= Miguel Mancera =

Mexican economist (1932–2026)

Miguel Mancera Aguayo (18 December 1932 – 10 August 2026) was a Mexican economist. He served as general director of the Bank of Mexico, the country's central bank, from 1982 until 1998.

==Early life and career==
Mancera Aguayo was born in Mexico City on 18 December 1932, to Rafael Mancera Ortiz and María Luisa Aguayo Cendejas. He received a bachelor's degree in economics from the Instituto Tecnológico Autónomo de México (ITAM) and a master's degree in economics from Yale University.

Before joining the public sector, Mancera worked at the Bank of Commerce (nowadays BBVA Bancomer) from 1953 to 1955 and taught several courses at the Escuela Libre de Derecho (1956–1957). He was also a member of the faculty of the ITAM (1958–1965) and the Latin American Center of Monetary Studies (CEMLA) in 1962–1964.

He joined the Bank of Mexico (Banxico) in 1957 and 25 years later was appointed general director by President Miguel de la Madrid. During the 1980s, he faced one of the toughest economic crises in the history of Mexico and in the early 1990s he launched a new national currency, the nuevo peso.

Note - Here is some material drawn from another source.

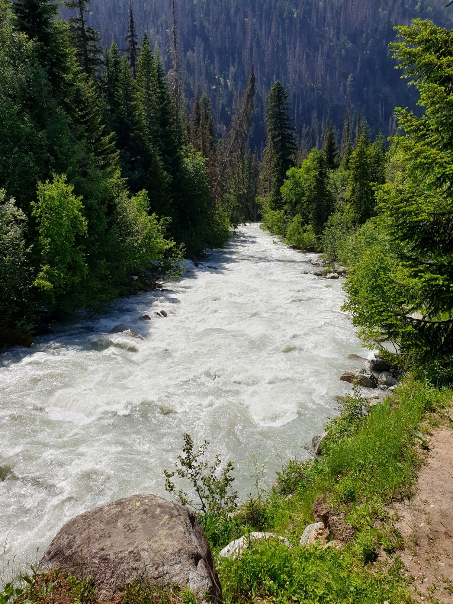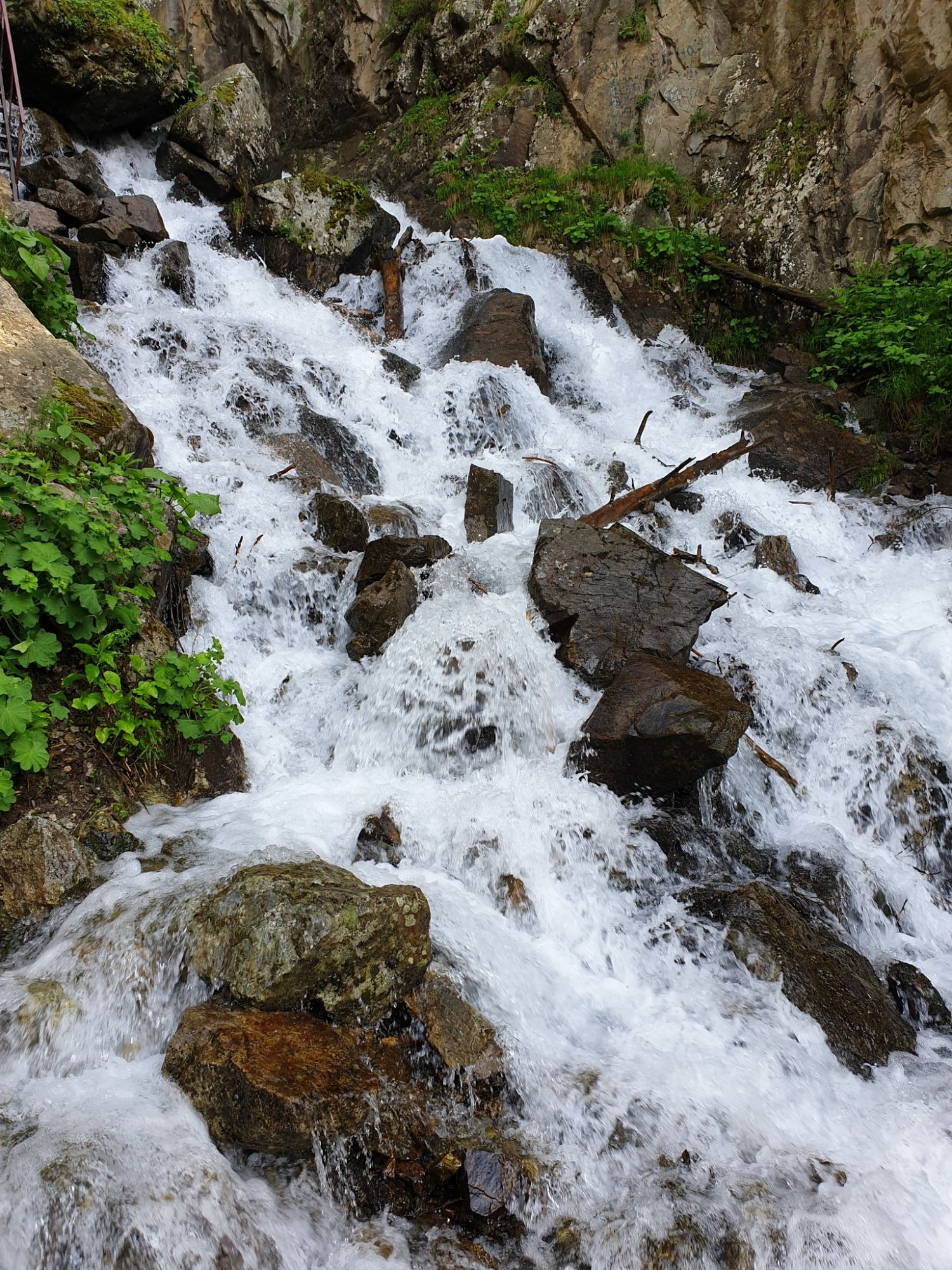 2 июля 2021 Время такое, что на подъемники Домбая уже поздно. И к людям выходить после увиденного не тянет. А поедем-ка... там вот совсем коротенький трек есть, меньше километра и по лесу... (по пихтарнику!!)... Но мы были бы не мы, если бы сразу направились к обозначенной точке. Сначала мы остановились на дороге у огромного камня с надписью H2О (вода, в смысле). Немалое количество желающих пополнить здесь свои запасы воды с местными номерами говорили о том, что все должно быть ок. И действительно, родниковая вода изумительного качества, сохраняется долго и очень хорошо освежает. Дальше по дороге "туда" я приметила небольшой водопад практически на дороге, надо бы и тут остановиться. Река Улу-Муруджу несется с приличного склона к Теберде бурлящим потоком сквозь пихтовый лес, мшистые камни поваленные стволы и одаряет прохладой каждого, кто подойдет к ней на расстояние метра. Знаете, это чем-то напомнило то, как в жаркий день ты открываешь холодильник и на тебя вырывается холодный воздух. Только здесь это мощнее и эффектнее, а в жаркий вечер просто восхитительно освежает. Меня отсюда еле утащили... Ну а дальше уже подъехали к реке Шумка, выше по течению которой есть одноименный водопад, к которому ведет маркированная тропа заповедника длиной чуть меньше километра. Название река оправдывает в полной мере, шумит громко))) И точно так же дышит холодом, если суметь к ней подобраться поближе А еще здесь просто умопомрачительный лес. Все те же пихты вперемешку с другими деревьями, цветы, мшистые валуны... даже не самый пологий подъем здесь проходит практически незаметно, пока ты с открытым ртом крутишь головой во все стороны))) И вот он, водопад. Воды очень много. До самой лучшей обзорной точки мы с детьми не полезли, мокрые большие камни, по "тропе" несется поток. Только муж, вспомнив о своем скалолазном детстве, пролез и снял для нас видео и фото. Но ничего, мы потом таки нашли точку, откуда водопад все таки было видно, хоть и не так близко. Красивый он. И совсем не такой, как Девичьи косы в Терсколе или мутно-коричневый великан Султан в Джилы-су. Мощный, с бело-прозрачной водой, он вырывается из узкого заточения среди скал и обрушивался вниз с 12ти метровой высоты, с лихвой оправдывая название. Спуск прошел весело и незаметно. Солнце уже клонилось к закату и мы еще успевали проехать перевал засветло. Ну а чем этот план закончился, смотрите сообщением выше. Гум-баши, та самая серия 2. В общем, отличный день вышел. С веселым и благополучным завершением (большую часть тучи мы на той смотровой и переждали, так что спускаться вслепую почти не пришлось Завершение далее... irchick2308, Selenia, Гало4ка и 20 других сказали спасибо Поделиться сообщением Ссылка на сообщение

In 1994, following a constitutional amendment granting the central bank its autonomy, he became Banxico's first governor. He retired from Banxico and public life in 1998.

==Personal life and death==
Mancera was married to Sonia Corcuera Corcuera. He received the Order of Rio Branco (Brazil, 1983) and was an officer of the French Légion d'honneur (1990). He died on 10 August 2026, at the age of 93.